* **YOUR ASSIGNMENT**
Reproduce, word for word, the lines in the material below starting with the one that has "Product Specifications: There" and going on through the one that has "Eine kleine Teekanne". Leave out all pictures.

* **EXCERPTED DATA**
_ _ _

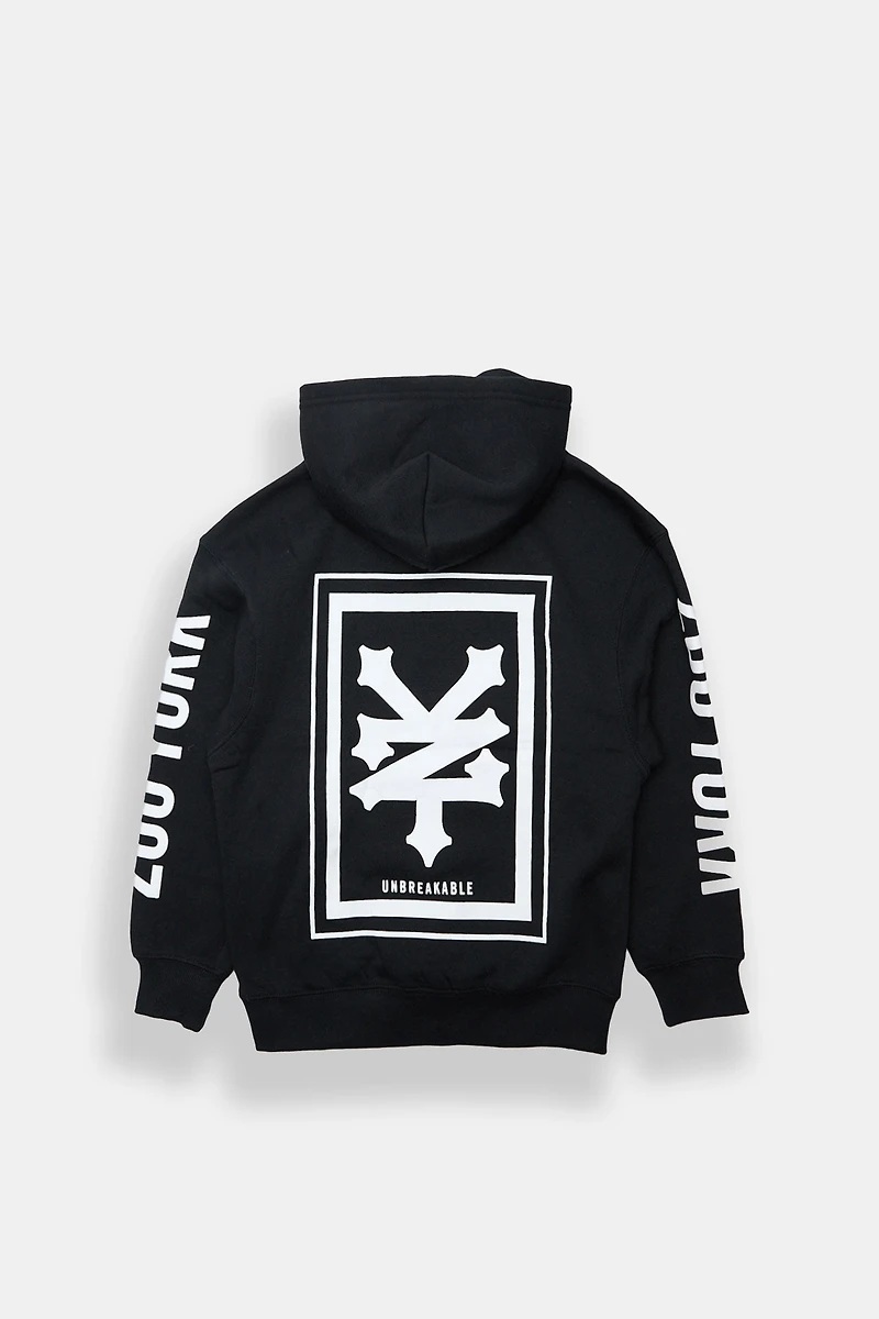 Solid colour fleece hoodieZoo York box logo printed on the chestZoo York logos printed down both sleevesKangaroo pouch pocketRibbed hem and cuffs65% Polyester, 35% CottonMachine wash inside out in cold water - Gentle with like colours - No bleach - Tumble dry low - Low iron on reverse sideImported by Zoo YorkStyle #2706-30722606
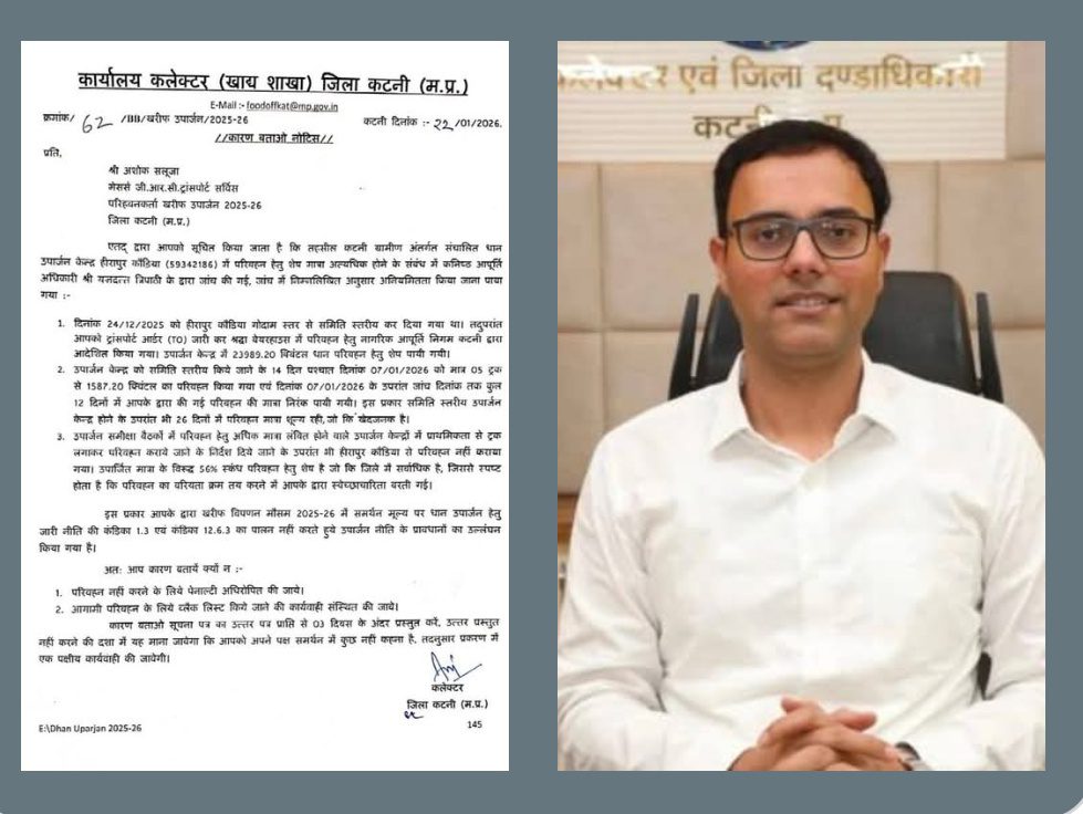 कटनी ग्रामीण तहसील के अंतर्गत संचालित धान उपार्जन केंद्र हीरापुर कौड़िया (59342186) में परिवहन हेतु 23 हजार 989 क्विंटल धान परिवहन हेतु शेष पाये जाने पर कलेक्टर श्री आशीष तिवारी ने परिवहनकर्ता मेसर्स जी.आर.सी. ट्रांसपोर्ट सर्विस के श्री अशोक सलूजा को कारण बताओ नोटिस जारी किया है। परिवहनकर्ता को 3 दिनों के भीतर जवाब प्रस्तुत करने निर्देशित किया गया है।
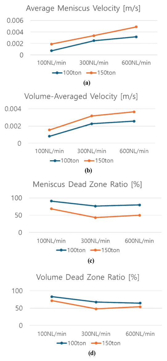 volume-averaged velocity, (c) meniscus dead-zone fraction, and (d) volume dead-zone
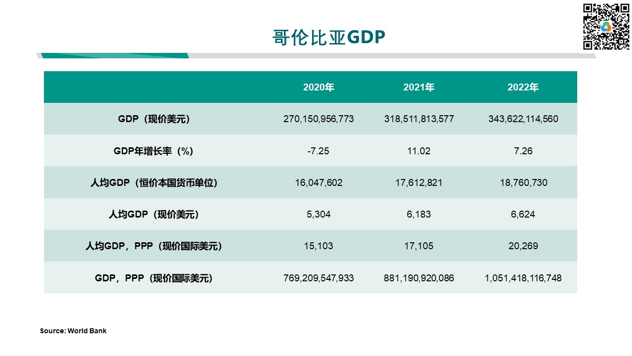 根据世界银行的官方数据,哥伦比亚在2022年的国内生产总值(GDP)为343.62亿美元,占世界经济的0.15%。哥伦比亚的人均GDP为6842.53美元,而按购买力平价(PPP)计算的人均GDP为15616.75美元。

_ _ _

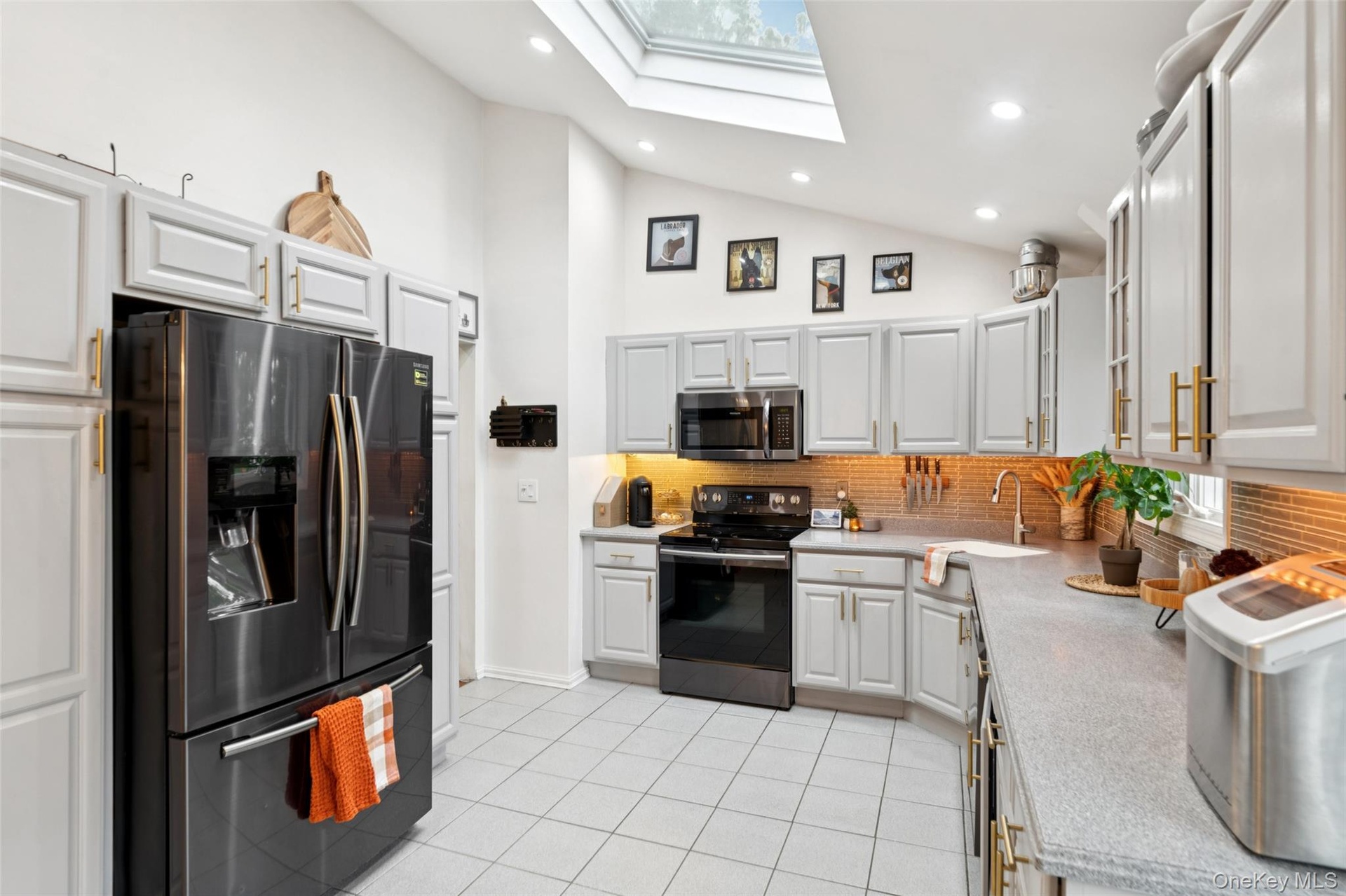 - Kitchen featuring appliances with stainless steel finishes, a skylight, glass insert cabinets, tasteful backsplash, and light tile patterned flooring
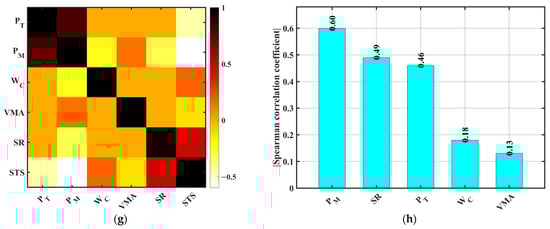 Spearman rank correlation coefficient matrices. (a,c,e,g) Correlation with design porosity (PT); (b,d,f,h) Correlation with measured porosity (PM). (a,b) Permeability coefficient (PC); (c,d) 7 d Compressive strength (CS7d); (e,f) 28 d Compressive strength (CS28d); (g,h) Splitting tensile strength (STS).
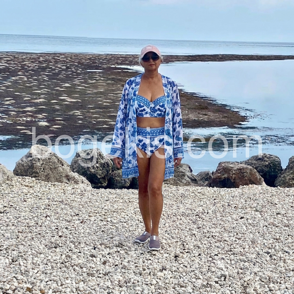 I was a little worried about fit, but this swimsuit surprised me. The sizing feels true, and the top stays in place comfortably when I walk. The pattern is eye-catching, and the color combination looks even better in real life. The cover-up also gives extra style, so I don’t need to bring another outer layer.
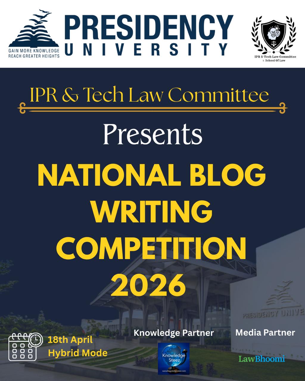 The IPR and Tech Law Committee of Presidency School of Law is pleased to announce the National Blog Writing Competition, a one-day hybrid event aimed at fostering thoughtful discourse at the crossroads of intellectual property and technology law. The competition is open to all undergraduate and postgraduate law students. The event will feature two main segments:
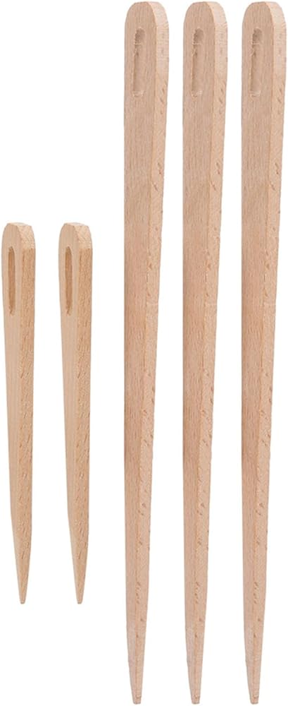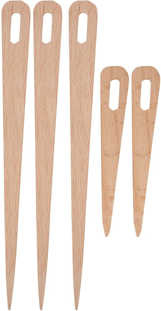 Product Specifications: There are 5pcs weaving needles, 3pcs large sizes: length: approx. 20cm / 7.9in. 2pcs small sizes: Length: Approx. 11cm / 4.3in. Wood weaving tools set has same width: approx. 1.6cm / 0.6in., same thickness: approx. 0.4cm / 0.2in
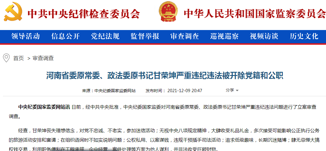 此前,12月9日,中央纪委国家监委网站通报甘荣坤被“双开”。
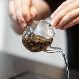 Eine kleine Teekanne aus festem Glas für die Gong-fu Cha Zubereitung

_ _ _

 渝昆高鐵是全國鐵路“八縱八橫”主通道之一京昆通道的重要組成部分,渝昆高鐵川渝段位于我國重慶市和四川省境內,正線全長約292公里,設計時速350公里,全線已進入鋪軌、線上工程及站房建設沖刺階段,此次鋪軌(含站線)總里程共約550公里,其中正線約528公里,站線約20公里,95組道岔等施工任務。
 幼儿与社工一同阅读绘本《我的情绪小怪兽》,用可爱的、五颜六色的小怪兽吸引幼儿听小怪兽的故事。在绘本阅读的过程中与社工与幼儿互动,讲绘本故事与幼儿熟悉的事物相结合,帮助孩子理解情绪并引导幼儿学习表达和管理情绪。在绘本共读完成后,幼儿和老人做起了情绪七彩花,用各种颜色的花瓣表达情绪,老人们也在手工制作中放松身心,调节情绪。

_ _ _

* **RESULT BELOW**
 Product Specifications: There are 5pcs weaving needles, 3pcs large sizes: length: approx. 20cm / 7.9in. 2pcs small sizes: Length: Approx. 11cm / 4.3in. Wood weaving tools set has same width: approx. 1.6cm / 0.6in., same thickness: approx. 0.4cm / 0.2in
 此前,12月9日,中央纪委国家监委网站通报甘荣坤被“双开”。
 Eine kleine Teekanne aus festem Glas für die Gong-fu Cha Zubereitung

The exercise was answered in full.